December 08, 2015

Until Europe trashes risk-weighted capital requirements for banks, ECB’s QE liquidity will not go where it should.

Sir, Alberto Gallo writes: “Against the ECB’s [QE] bazooka lies an wall of obstacles. The first is an impaired banking system, muddling through €1tn of bad loans with balance sheets still three times as large as the eurozone economy. The second problem is a lack of corporate investment, despite lower interest rates. The third is shallow capital markets, a “bottleneck against ECB liquidity trickling down to small and medium-sized businesses, responsible for 80 per cent of job creation.” “More QE on its own will not unblock the eurozone bottleneck” December 7.

Gallo suggests: “There are three ways to make QE work. One is to boost monetary stimulus with public investment. Governments have little fiscal ammunition for large-scale stimulus. A credible co-ordinated plan could provide the right signal to kick-start private investment, coupled with QE.” 

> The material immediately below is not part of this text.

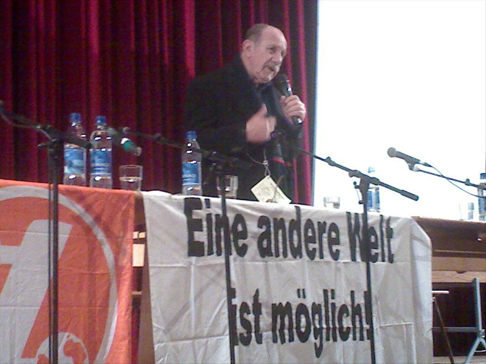 Paul Singer, Brazilian economist, at the Attac meeting in Gladbeck (2007)

No! Since Gallo works for RBS, which must be interested in leveraging its equity as much as possible, especially with what is perceived as “safe”, he does not want to see, or does not dare to disclose the most important obstacle for getting liquidity to the SMEs… those he calls “responsible for 80 per cent of job creation.”

I will repeat it again, for over the thousand time, to see if FT finally dares to wake up. The biggest obstacle, is the risk-weighted capital requirements for banks, those that cause banks to earn much less risk adjusted returns on equity when lending to “The Risky” than when lending to “The Safe”.

It is as easy as that! The problem is that ECB’s Mario Draghi, as the former chair of the Financial Stability Board, does not want it to be known that he shares in the responsibility for the biggest cock up in regulatory history.